We have codified a process—the Vested methodology—that brings entities together to establish formal agreements with the common goal to ignite innovations that benefit all involved, in short, creating shared value. These parties enter into the agreement with the mindset that they will gain and share in the rewards.  

The Vested business model allows organizations to achieve the elusive win-win through highly collaborative efforts.  

Q. What exactly is Vested? 

Vested is a business model that establishes highly collaborative, win-win business relationships. It is based on a research project we conducted at the University of Tennessee. Vested helps companies go beyond the usual lip service of “saying” partnership, to helping them contract and manage their most strategic business relationships. 

The initial research project was funded by the United States Air Force. We studied some of the world’s most successful business relationships—relationships based on true collaboration that achieved amazing, sometimes even what was thought of as impossible, results.     

We codified our research findings and developed a framework with tools to enable organizations to get the most out of their strategic relationships. We coined the term VESTED to describe this business model. 

VESTED, as we explain in much greater detail in The Vested Outsourcing Manual, is a hybrid of outcome-based, shared-value principles and relational economics. In a Vested environment a company seeks to develop a common solution and a common bond with the service provider based on mutual advantage to achieve Desired Outcomes.   

Our research revealed that conventional transaction-based approaches have inherent flaws because the economics of the deal structure kept buyers and suppliers at arm’s length. This type of approach is not conducive to collaboration, innovation and sharing value, especially for complex, multi-dimensional business relationships. Our research team studied highly successful outsourcing and supplier agreements that were based on true collaboration. These partnerships achieved not only results, but transformational, game-changing, award-winning results. 

These relationships transcended traditional buy-sell transactions that focus on one party “winning” while the other “loses.” The parties worked together towards shared goals to drive innovation, create value and reward success. But while they seemed radical compared to most business relationships today, we realized that these companies were actually leveraging Nobel Prize-winning concepts—from Nash’s equilibrium theory to Williamson’s transaction cost economics.  

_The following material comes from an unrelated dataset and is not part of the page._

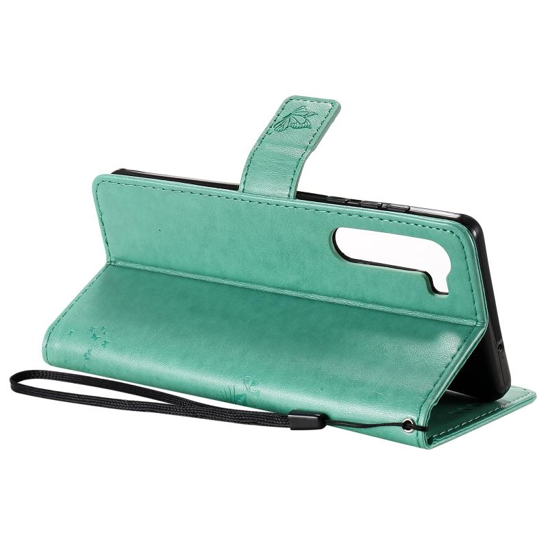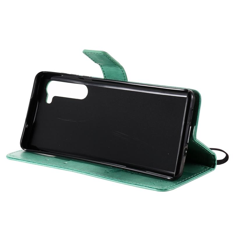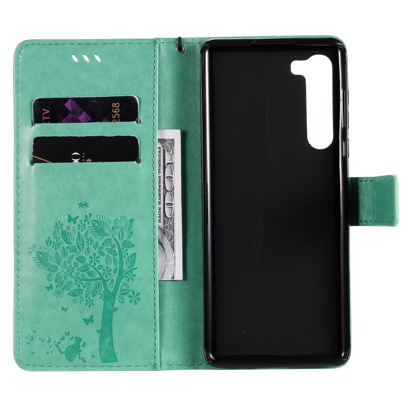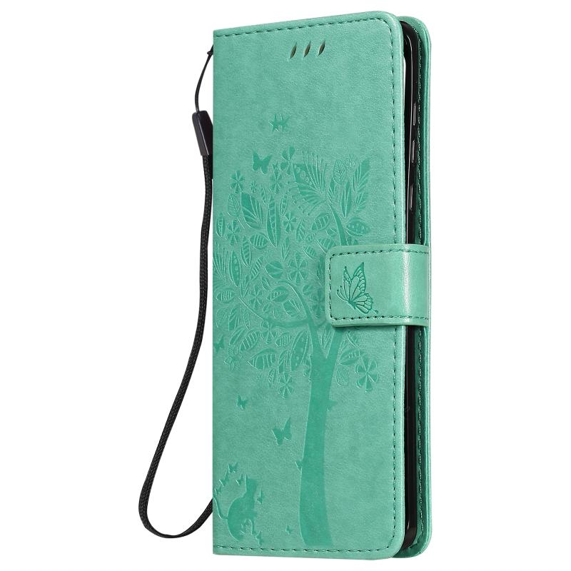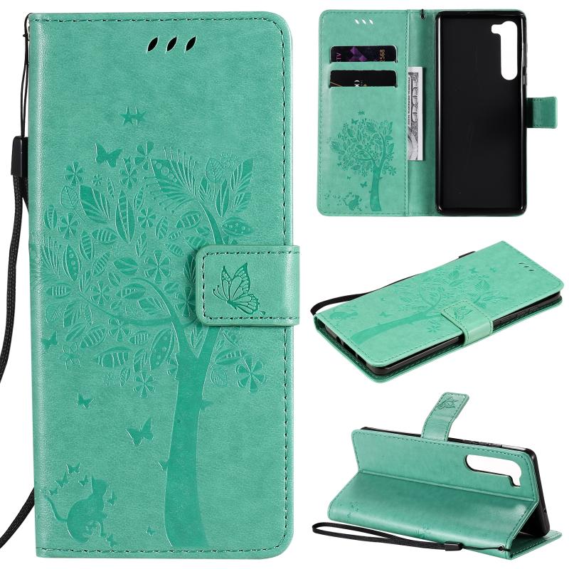Θήκη για Motorola Edge με σχέδιο Δέντρου & Γάτας, με ανάγλυφη εκτύπωση, οριζόντιο άνοιγμα, από δερματίνη PU με βάση στήριξης, θήκες για κάρτες, πορτοφόλι & λουρί (πράσινο)
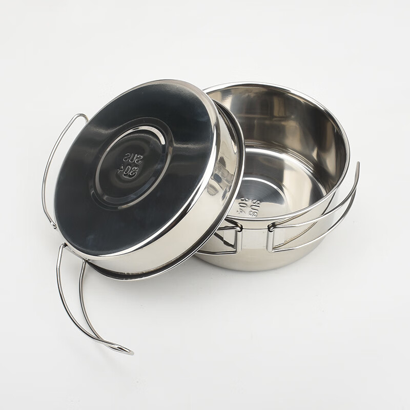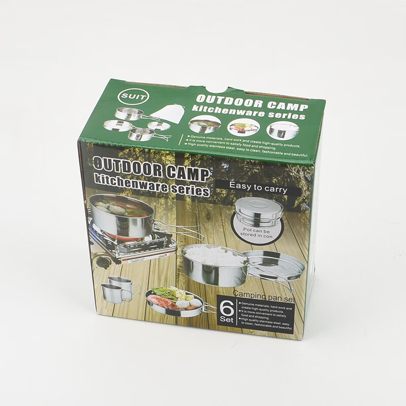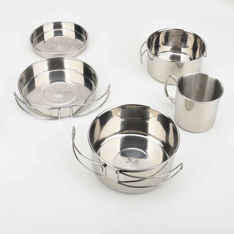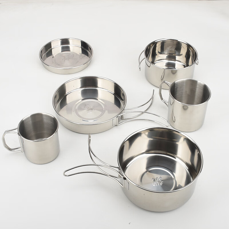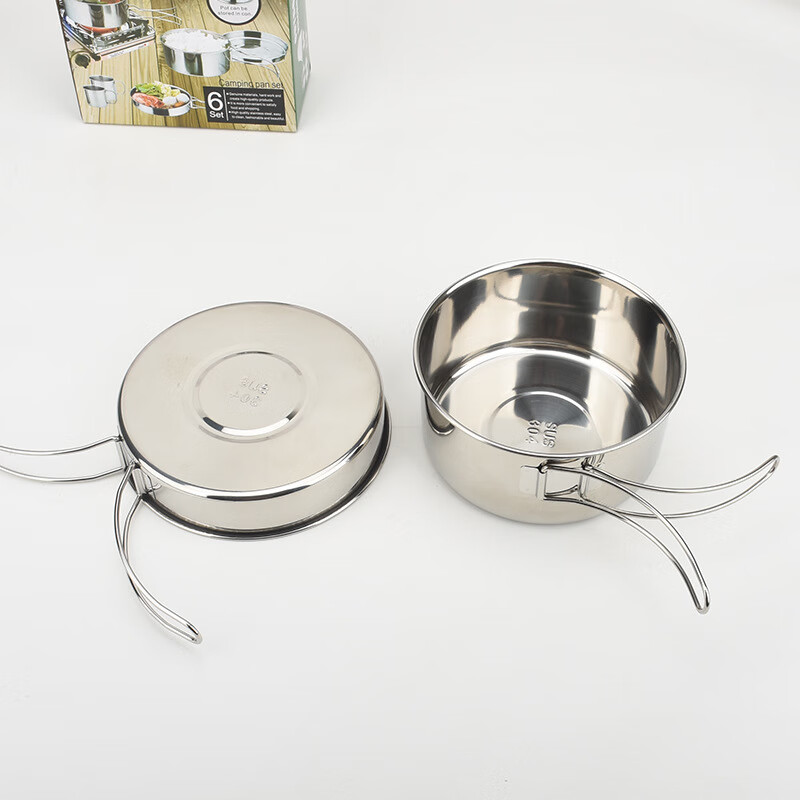 Jingdian 304 stainless steel outdoor pot set camping camping soup pot portable set pot set pot cooking pot foldable handle outdoor set 6-piece set + storage bag + color box

It quickly became clear that these new rules for achieving remarkable business relationships were not only applicable to outsourcing. The focus then shifted to codifying the “rules” of these successful relationships and creating a framework for Vested agreements that any businesses could adopt. 

Q. How does it work in practice? Is that the subject of your fourth Vested book?   

The first books in the Vested series laid out the Vested idea and methodology, along with Five Rules and the 10 Elements that practitioners can use to implement an effective Vested agreement. 

The fourth book, Vested: How P&G, McDonald’s and Microsoft are Redefining Winning in Business Relationships, closely examines actual case-histories, if you will, of the Vested approach and mindset in practice, occurring right now in the real world. Vested goes behind the scenes of the best of the best business relationships, both public and private, and reveals how these companies follow the Five Vested Rules. We share an insider’s perspective on how the organizations are redefining the way to foster and nurture long-term, win-win relationships required for our constant-change economy. In this book we show that the Vested approach works not just with buyer-supplier relationships, but also with organizations such as Water for People who is changing the paradigm of a traditional “charity” by creating sustainable and transformational change with Vested relationships with NGOs and local communities to solve for water poverty issues in some of the world’s most remote parts of the world.  

Q. What are one are two of your favorite stories about how Vested works in the real world? 

First, it is gratifying to see more and more companies embrace the Vested concept. That said, the case studies in Vested about McDonald’s and Procter & Gamble are exceptional. 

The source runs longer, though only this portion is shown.